In April 2024, at the Hong Kong Web3 Carnival, Lily Liu, the chairperson of Solana Foundation, first introduced the term "PayFi" to the forefront. The audience was filled with blockchain professionals, and most people's reaction was: another new narrative.

Two years later, no one says that anymore.

The annual trading volume of stablecoins has exceeded $9 trillion, surpassing the total of Visa and Mastercard. More than 200 million people worldwide use stablecoins for daily payments. Payment giants like PayPal and Stripe have launched stablecoin products. PayFi has already moved from the conceptual stage to practical implementation.

In this migration, a project called PolyFlow has attracted simultaneous attention from both Eastern and Western capital. From the Solana ecosystem to top-tier Asian funds, a group of the most perceptive institutions chose to place their bets almost within the same timeframe.

Why PayFi? Why PolyFlow?

This report attempts to answer these two questions.

1. PayFi Market: The Imagination Space from $9 Trillion to $100 Trillion

1.1 Stablecoins Have Already Won the First Battle

First, let’s look at a set of data. According to Visa's Onchain Analytics Dashboard:

Stablecoin Trading Data for 2025:

  • Original trading volume: $32.3 trillion
  • Excluding bots and arbitrage: $9 trillion
  • Percentage of real payment scenarios: 45%

In 2022, only 18% of transactions with stablecoins were real payments, with most being speculative activity and arbitrage. By 2025, this ratio has risen to 45%. Stablecoins are transitioning from being "speculative tools" to "payment tools".

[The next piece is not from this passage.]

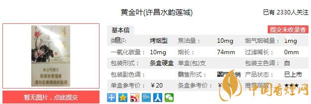以上便是由香煙網(wǎng)小編為大家介紹的關(guān)于黃金葉許昌水韻蓮城價(jià)格 水韻蓮城口感及參數(shù)介紹的相關(guān)信息,想要了解更多有關(guān)內(nèi)容請(qǐng)點(diǎn)擊:非賣版12支裝低焦油中華香煙包裝欣賞及口感測(cè)評(píng)

A More Intuitive Comparison:

  • Visa's 2025 transaction volume: approximately $7.5 trillion
  • Mastercard's 2025 transaction volume: approximately $6 trillion
  • Real transaction volume of stablecoins: $9 trillion

Stablecoins have already become the largest payment network in the world.

But this is just the beginning.

1.2 When Machines Start Spending, PayFi Is No Longer a Choice

In the past six months, the term Web4.0 has started to appear more frequently in discussions among leading VCs, developers, and infrastructure projects. It is not a simple concept upgrade, but a structural shift brought about by changes in economic entities.

If the core of Web3 is "humanity truly owning digital assets for the first time," then the core change of Web4.0 is: AI Agents begin to become entities that can independently participate in economic activities.

They are not just tools; in an increasing number of scenarios, they gradually play the roles of "employees, service providers, executors, and even operators"—accepting tasks, invoking services, procuring resources, achieving goals, receiving payments, and distributing accounts.

What does this mean?

It means that in future commercial activities, there will not just be "humans paying humans" and "humans paying platforms," but a large number of settlement relationships will emerge, such as "Agent paying Agent," "enterprise paying Agent," and "Agent paying humans." An economic network involving both humans and intelligent agents is forming.

Once we enter this stage, the traditional payment system will quickly expose its boundaries.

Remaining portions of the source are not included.